Start of Given records
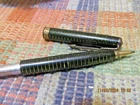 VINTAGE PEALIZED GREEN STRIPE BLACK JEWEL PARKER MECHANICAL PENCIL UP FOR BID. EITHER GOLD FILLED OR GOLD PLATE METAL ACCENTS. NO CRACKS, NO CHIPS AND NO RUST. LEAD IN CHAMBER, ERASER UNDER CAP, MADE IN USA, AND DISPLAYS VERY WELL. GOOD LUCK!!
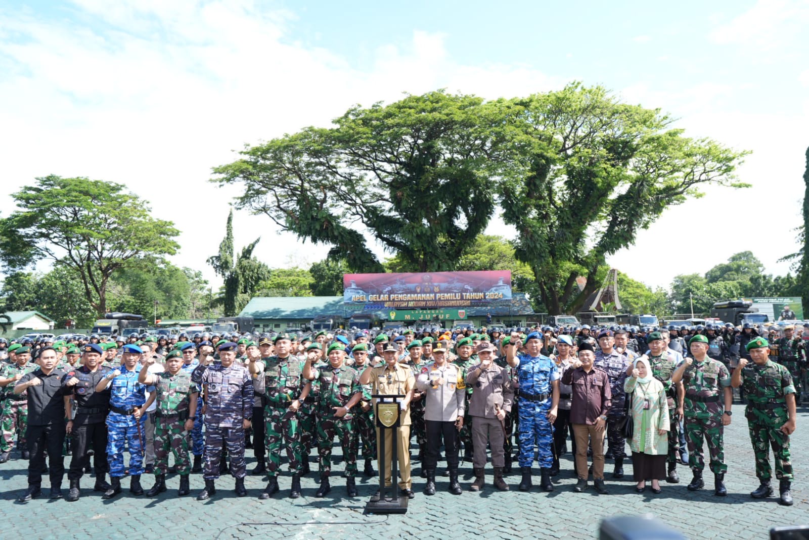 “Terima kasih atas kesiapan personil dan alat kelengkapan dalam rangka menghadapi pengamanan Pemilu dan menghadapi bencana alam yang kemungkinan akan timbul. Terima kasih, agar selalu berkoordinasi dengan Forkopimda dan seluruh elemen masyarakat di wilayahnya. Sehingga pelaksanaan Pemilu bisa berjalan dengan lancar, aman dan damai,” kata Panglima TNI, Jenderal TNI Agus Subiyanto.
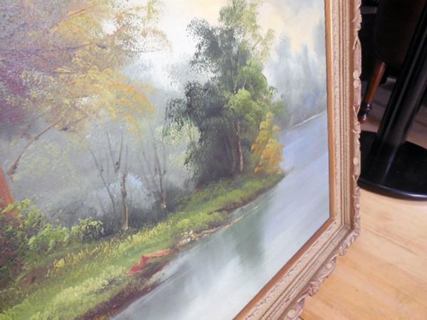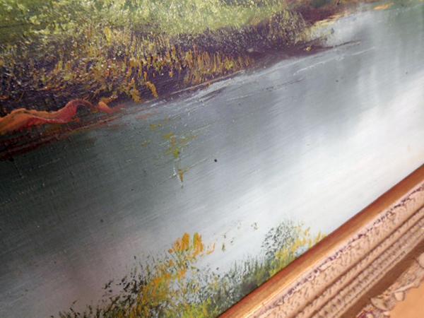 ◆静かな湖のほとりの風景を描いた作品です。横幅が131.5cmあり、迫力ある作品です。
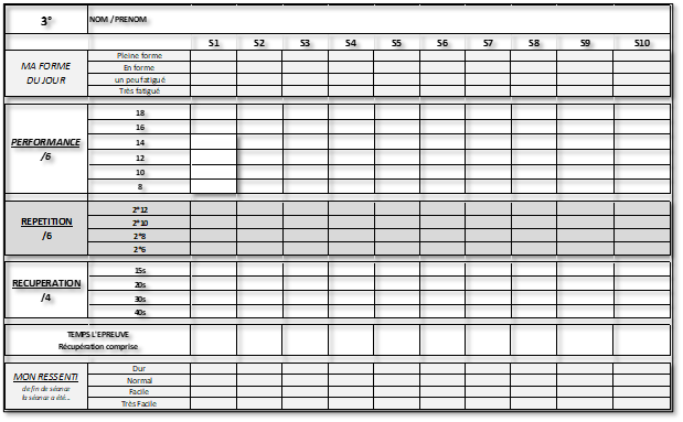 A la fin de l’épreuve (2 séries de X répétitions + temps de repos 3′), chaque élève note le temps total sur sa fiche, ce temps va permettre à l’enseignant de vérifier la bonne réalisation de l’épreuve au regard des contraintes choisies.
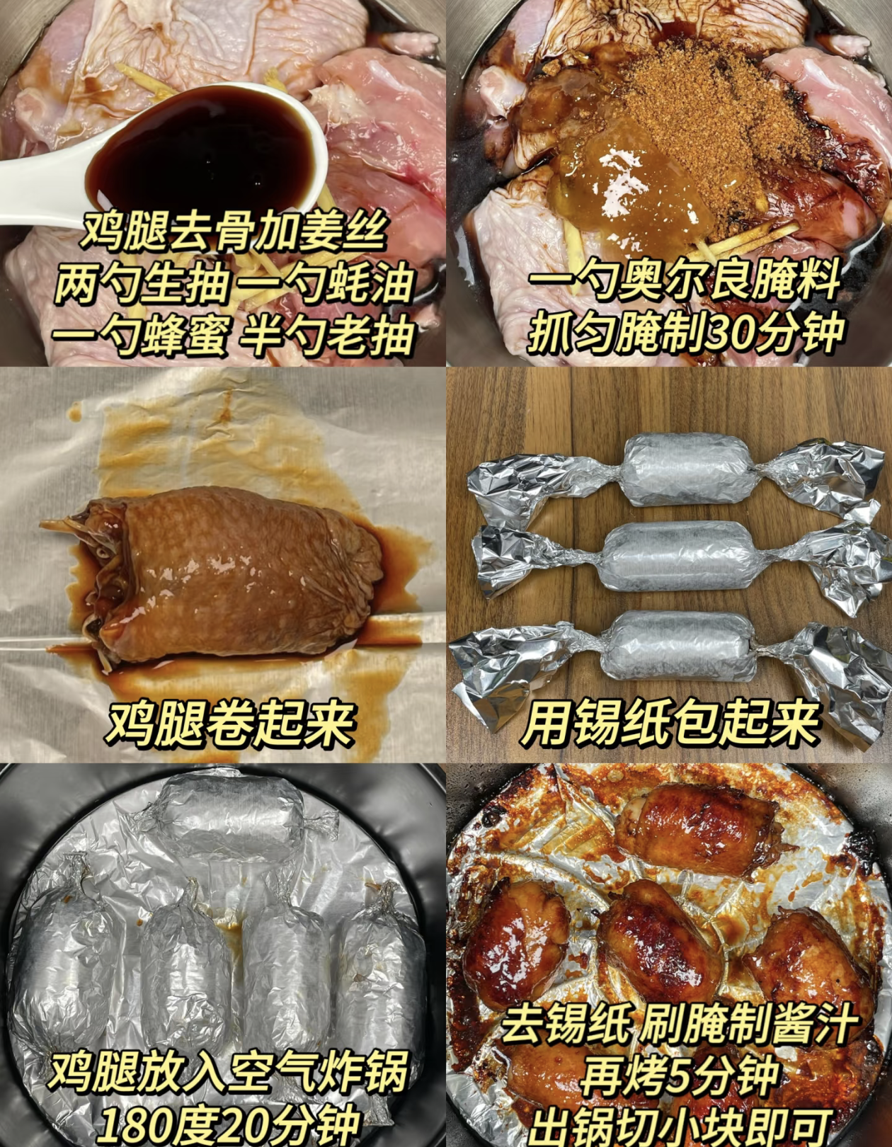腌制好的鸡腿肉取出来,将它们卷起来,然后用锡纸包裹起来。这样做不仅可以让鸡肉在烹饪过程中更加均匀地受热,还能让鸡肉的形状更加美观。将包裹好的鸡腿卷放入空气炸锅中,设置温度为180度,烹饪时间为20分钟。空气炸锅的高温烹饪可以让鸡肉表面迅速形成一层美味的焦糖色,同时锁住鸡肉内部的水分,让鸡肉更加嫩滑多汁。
End of Given records
• Your objective
With the pictures removed, return the data above word for word.

• Solution to this exercise
 VINTAGE PEALIZED GREEN STRIPE BLACK JEWEL PARKER MECHANICAL PENCIL UP FOR BID. EITHER GOLD FILLED OR GOLD PLATE METAL ACCENTS. NO CRACKS, NO CHIPS AND NO RUST. LEAD IN CHAMBER, ERASER UNDER CAP, MADE IN USA, AND DISPLAYS VERY WELL. GOOD LUCK!!
 “Terima kasih atas kesiapan personil dan alat kelengkapan dalam rangka menghadapi pengamanan Pemilu dan menghadapi bencana alam yang kemungkinan akan timbul. Terima kasih, agar selalu berkoordinasi dengan Forkopimda dan seluruh elemen masyarakat di wilayahnya. Sehingga pelaksanaan Pemilu bisa berjalan dengan lancar, aman dan damai,” kata Panglima TNI, Jenderal TNI Agus Subiyanto.
 ◆静かな湖のほとりの風景を描いた作品です。横幅が131.5cmあり、迫力ある作品です。
 A la fin de l’épreuve (2 séries de X répétitions + temps de repos 3′), chaque élève note le temps total sur sa fiche, ce temps va permettre à l’enseignant de vérifier la bonne réalisation de l’épreuve au regard des contraintes choisies.
腌制好的鸡腿肉取出来,将它们卷起来,然后用锡纸包裹起来。这样做不仅可以让鸡肉在烹饪过程中更加均匀地受热,还能让鸡肉的形状更加美观。将包裹好的鸡腿卷放入空气炸锅中,设置温度为180度,烹饪时间为20分钟。空气炸锅的高温烹饪可以让鸡肉表面迅速形成一层美味的焦糖色,同时锁住鸡肉内部的水分,让鸡肉更加嫩滑多汁。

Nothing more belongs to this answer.